Data to examine below:

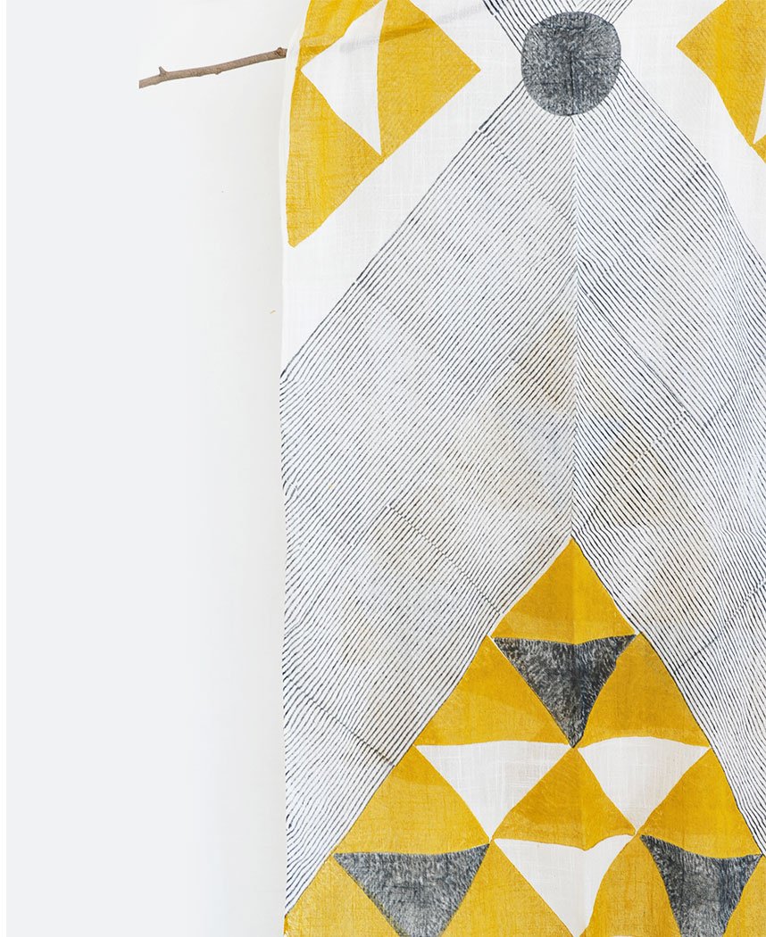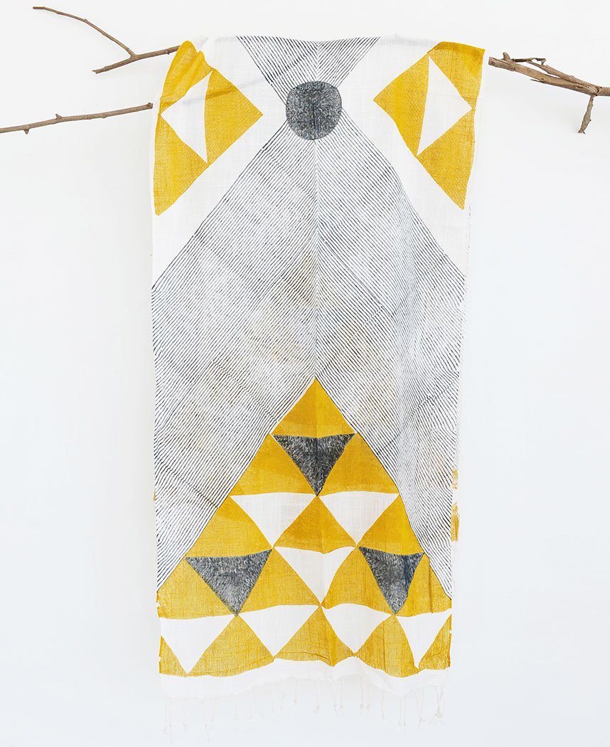 Crafted from handloom cotton and then carefully hand block printed this scarf is 2 meters in length and 23 inches in width.
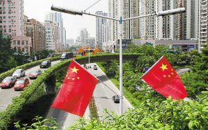在深南大道沙河东路十字路口,18面国旗层次分明悬挂在一棵洁白的人工树干上,这就是南山区市民引以自豪的“国旗树”。
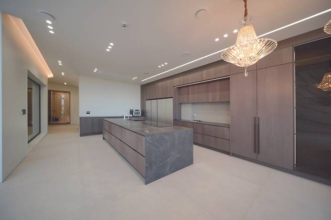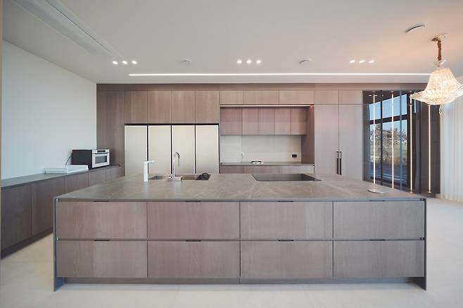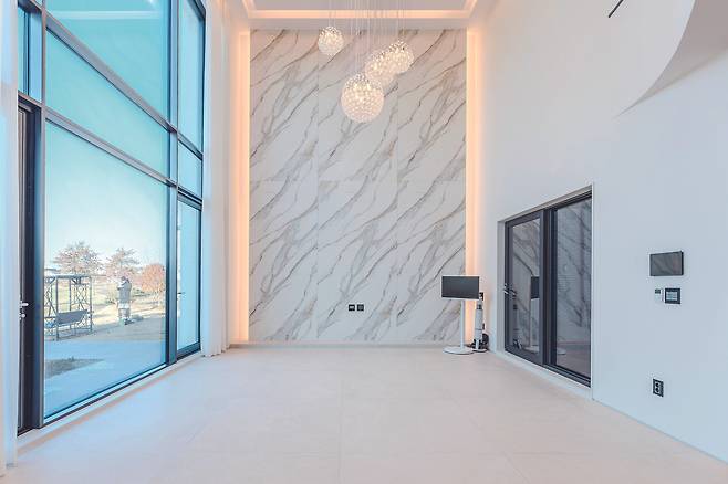 천장을 라운드 형태로 처리해 주방에서 이어지는 흐름과 조화를 이뤘다. 박판타일로 마감한 아트월은 그 자체로 거대한 매스감이 돋보인다.
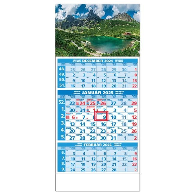 Formát kalendára: 31,5 x 45 cmKalendárium: české/slovenské trojmesačné so sviatkami európskych štátov (CZ / SK / A / B / D / F / H / CH / I / PL / RUS / UKR)Rozsah kalendára: 12 listovPriestor na potlač: 31,5 x 7 cm
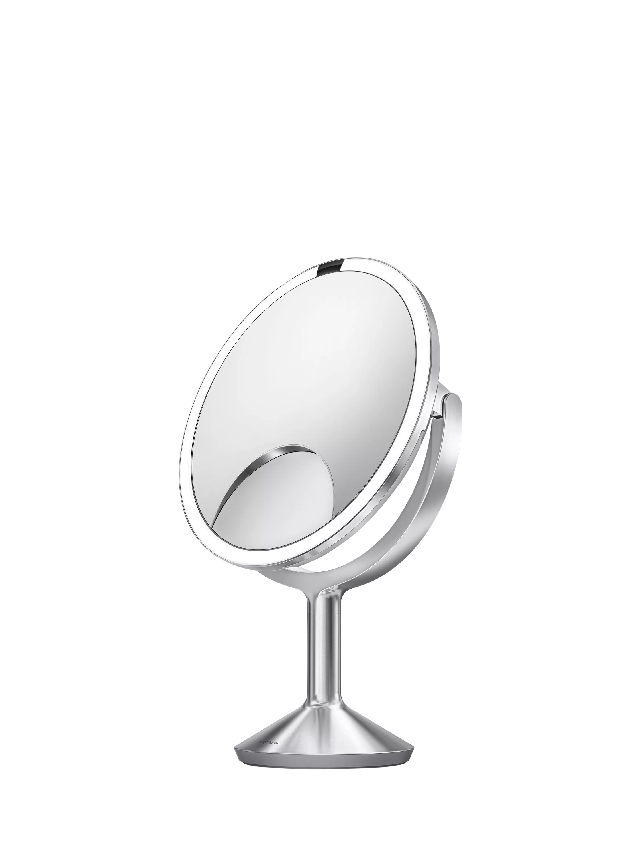 The simplehuman sensor mirror trio max is like having three mirrors in one. One side is 5x magnification so you can view your entire face in exceptional detail. And with a double-tap of the touch bar, it automatically flips to the other side where you get a 1x true view with a 10x window for detail work like tweezing or applying eyeliner, eye makeup and lipstick application.

End of Data to examine.

*About this exercise:*
The copy must reproduce every entry exactly while excluding all pictures.

*Answer for this exercise:*
 Crafted from handloom cotton and then carefully hand block printed this scarf is 2 meters in length and 23 inches in width.
在深南大道沙河东路十字路口,18面国旗层次分明悬挂在一棵洁白的人工树干上,这就是南山区市民引以自豪的“国旗树”。
 천장을 라운드 형태로 처리해 주방에서 이어지는 흐름과 조화를 이뤘다. 박판타일로 마감한 아트월은 그 자체로 거대한 매스감이 돋보인다.
 Formát kalendára: 31,5 x 45 cmKalendárium: české/slovenské trojmesačné so sviatkami európskych štátov (CZ / SK / A / B / D / F / H / CH / I / PL / RUS / UKR)Rozsah kalendára: 12 listovPriestor na potlač: 31,5 x 7 cm
 The simplehuman sensor mirror trio max is like having three mirrors in one. One side is 5x magnification so you can view your entire face in exceptional detail. And with a double-tap of the touch bar, it automatically flips to the other side where you get a 1x true view with a 10x window for detail work like tweezing or applying eyeliner, eye makeup and lipstick application.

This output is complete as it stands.